** DATA EXTRACT follows **

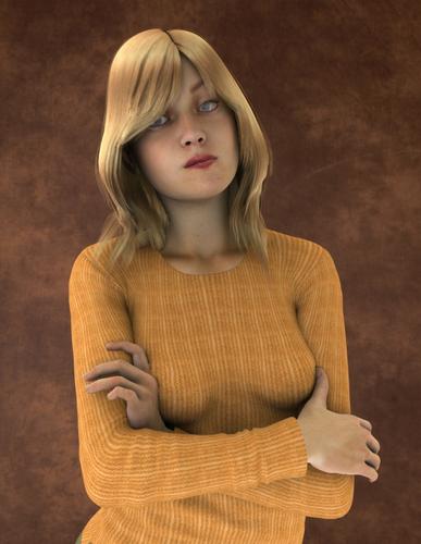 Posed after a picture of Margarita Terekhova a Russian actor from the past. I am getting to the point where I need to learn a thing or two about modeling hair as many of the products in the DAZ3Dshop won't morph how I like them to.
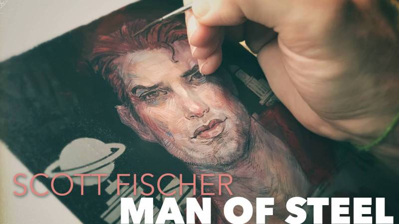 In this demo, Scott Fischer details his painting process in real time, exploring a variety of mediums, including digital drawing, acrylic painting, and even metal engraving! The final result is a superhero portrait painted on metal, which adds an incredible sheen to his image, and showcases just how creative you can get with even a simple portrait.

** End of DATA EXTRACT **
** DATA EXTRACT follows **

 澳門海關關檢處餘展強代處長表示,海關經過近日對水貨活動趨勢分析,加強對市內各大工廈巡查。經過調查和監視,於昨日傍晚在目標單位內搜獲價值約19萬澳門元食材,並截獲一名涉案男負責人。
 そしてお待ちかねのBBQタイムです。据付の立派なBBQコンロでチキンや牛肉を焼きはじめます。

** End of DATA EXTRACT **

### ASSIGNED TASK
After locating the line with "澳門海關關檢處餘展強代處長表" above, return that line and every later line through the one with "そしてお待ちかねのBBQタイ", word for word and with nothing else.

### RESPONSE TO THIS TASK
 澳門海關關檢處餘展強代處長表示,海關經過近日對水貨活動趨勢分析,加強對市內各大工廈巡查。經過調查和監視,於昨日傍晚在目標單位內搜獲價值約19萬澳門元食材,並截獲一名涉案男負責人。
 そしてお待ちかねのBBQタイムです。据付の立派なBBQコンロでチキンや牛肉を焼きはじめます。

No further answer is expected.